Europa: de protagonista a actor de reparto
Los liderazgos más importantes de Europa enfrentan panoramas hostiles: en Gran Bretaña, el primer ministro Keir Starmer trata de evitar una rebelión interna que lo saque del poder; en Alemania, Friedrich Merz ha cumplido un año en el cargo con cifras de rechazo históricamente altas; Francia ha logrado detener la rotativa de gobiernos a costa de postergar la discusión de reformas clave; en España, el gobierno del socialista Pedro Sánchez sobrevive pese a graves acusaciones de corrupción y una seguidilla de derrotas electorales; y en Italia, la hasta hace poco incombustible Giorgia Meloni muestra una sorpresiva debilidad tras salir derrotada en un plebiscito sobre reforma judicial. La fragilidad de los liderazgos europeos tiene su correlato en el auge de movimientos populistas que desafían al establishment: Reform UK es el partido más fuerte del Reino Unido, donde también escalan posiciones los Verdes; Reagrupación Nacional (derecha) y La Francia Insumisa (izquierda) tienen protagonismo claro en la disputa electoral gala, mientras Alternativa por Alemania se consolida en las encuestas como la colectividad con mayor intención de voto en su país; en España, Vox es el partido que más crece. Solo en Hungría y Polonia, pioneros en la oleada populista europea, los liderazgos de este estilo marcan un retroceso, pese a que todavía son actores relevantes.
“El auge de sectores críticos a la política tradicional sugiere que algo no está funcionando en el Viejo Continente. Una de las razones más obvias es la insatisfacción -en distintos grados- que todos los movimientos emergentes comparten con el proceso de integración europea”. Aunque el fenómeno está lejos de ser exclusivamente europeo, el auge de sectores críticos a la política tradicional sugiere que algo no está funcionando en el Viejo Continente.

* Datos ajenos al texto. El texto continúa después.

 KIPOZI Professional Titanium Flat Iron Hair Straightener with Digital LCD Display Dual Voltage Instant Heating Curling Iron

Una de las razones más obvias es la insatisfacción -en distintos grados- que todos los movimientos emergentes comparten con el proceso de integración europea. También existe molestia transversal con la inmigración. En algunos casos, como el alemán, hay señales claras de agotamiento de un modelo económico que puso el foco en la producción industrial de bienes y no se incluyó con fuerza en la revolución digital.
Muchos países registran deudas enormes y déficits fiscales que se ubican muy por encima de los niveles prescritos por las normas de convergencia monetaria. Para colmo de males, la geopolítica le juega una mala pasada a Europa. La guerra en Ucrania confirma la existencia de la amenaza rusa, justo cuando la llegada de Donald Trump al poder en Estados Uniodos provoca que el Viejo Mundo ya no cuente con las garantías de seguridad de las que gozó por décadas.

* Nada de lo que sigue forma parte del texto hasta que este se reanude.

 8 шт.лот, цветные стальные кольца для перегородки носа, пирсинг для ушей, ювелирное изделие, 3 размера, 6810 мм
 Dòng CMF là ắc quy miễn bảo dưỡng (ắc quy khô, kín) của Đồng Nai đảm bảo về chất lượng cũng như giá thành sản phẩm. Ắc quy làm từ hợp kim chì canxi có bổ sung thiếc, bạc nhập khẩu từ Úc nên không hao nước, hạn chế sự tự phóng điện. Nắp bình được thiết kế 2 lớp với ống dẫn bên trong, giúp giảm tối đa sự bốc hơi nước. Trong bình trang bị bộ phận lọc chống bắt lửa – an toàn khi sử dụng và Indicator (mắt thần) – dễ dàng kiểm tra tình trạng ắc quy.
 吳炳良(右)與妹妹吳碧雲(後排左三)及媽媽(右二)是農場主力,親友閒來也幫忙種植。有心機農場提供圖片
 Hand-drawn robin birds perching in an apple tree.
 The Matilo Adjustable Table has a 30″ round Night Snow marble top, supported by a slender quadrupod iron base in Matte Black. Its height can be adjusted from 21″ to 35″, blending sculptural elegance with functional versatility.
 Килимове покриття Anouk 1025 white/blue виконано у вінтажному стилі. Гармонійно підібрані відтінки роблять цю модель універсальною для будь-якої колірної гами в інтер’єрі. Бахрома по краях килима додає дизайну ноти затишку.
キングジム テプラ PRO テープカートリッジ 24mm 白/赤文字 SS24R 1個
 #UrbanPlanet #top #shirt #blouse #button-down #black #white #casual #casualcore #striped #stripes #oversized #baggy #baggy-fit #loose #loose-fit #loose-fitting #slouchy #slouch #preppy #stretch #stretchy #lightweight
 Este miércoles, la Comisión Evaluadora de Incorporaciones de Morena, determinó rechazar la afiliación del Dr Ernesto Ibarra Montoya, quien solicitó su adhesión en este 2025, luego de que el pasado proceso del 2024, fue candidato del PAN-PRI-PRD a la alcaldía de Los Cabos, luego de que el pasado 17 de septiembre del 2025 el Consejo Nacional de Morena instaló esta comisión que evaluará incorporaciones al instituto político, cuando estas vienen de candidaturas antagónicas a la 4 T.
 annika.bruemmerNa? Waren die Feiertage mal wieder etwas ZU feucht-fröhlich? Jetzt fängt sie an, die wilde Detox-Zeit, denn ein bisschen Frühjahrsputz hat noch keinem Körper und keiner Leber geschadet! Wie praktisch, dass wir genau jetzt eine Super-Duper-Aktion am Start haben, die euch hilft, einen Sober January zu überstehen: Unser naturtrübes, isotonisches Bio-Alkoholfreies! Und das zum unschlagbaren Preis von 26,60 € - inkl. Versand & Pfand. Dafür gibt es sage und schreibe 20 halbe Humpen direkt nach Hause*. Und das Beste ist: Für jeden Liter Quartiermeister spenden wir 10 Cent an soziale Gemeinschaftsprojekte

Ahora los gobiernos enfrentan la ingrata tarea de reasignar recursos limitados para comenzar a pagar por la defensa nacional, un desafío para el que las sociedades europeas no parecen política, financiera ni culturalmente preparadas. Las dificultades se acumulan y la pérdida de influencia y presencia se hace cada vez más innegable. Europa apostó por un mundo que dejó de existir: creyó en la paz democrática y la integración comercial y se encontró con un entorno crecientemente conflictivo y una guerra en su patio trasero; se enfocó en el poder blando, mientras adquieren mayor importancia las armas y el poder nuclear; algunos de sus países optaron por la energía rusa barata y ahora deben conformarse con pagar precios de mercado en el mercado global; pasó de largo de la revolución digital y hoy carece de protagonismo en sectores clave como la inteligencia artificial y el transporte eléctrico; sus economías se han estancado, son deficitarias y están endeudadas; enfrenta un malestar social del que no logra sacudirse.
La decadencia resulta obvia para una región que tendrá que acostumbrarse a jugar un rol de reparto en la escena global.